SOURCE RECORDS
--- START ---

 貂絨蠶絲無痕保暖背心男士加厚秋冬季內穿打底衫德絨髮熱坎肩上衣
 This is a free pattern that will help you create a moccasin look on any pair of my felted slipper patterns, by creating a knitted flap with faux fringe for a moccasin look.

--- END ---
--- START ---

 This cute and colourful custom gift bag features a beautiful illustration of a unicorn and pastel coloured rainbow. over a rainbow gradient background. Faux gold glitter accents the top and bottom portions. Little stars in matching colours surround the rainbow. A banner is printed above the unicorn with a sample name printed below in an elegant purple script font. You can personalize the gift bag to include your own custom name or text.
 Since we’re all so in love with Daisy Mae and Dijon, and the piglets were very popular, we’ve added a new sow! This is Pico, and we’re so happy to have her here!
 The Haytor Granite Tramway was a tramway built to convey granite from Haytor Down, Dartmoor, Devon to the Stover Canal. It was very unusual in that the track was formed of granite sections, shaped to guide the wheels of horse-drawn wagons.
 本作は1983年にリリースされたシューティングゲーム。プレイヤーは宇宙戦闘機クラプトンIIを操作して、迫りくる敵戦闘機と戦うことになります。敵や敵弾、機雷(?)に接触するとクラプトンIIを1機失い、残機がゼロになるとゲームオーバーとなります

--- END ---

TASK OBJECTIVE
Copy the lines above exactly. Start with the line containing "貂絨蠶絲無痕保暖背心男士加厚秋冬季內穿打底衫德絨髮熱坎肩上衣", end with the line containing "This is a free", and include both.

ANSWER BOX
 貂絨蠶絲無痕保暖背心男士加厚秋冬季內穿打底衫德絨髮熱坎肩上衣
 This is a free pattern that will help you create a moccasin look on any pair of my felted slipper patterns, by creating a knitted flap with faux fringe for a moccasin look.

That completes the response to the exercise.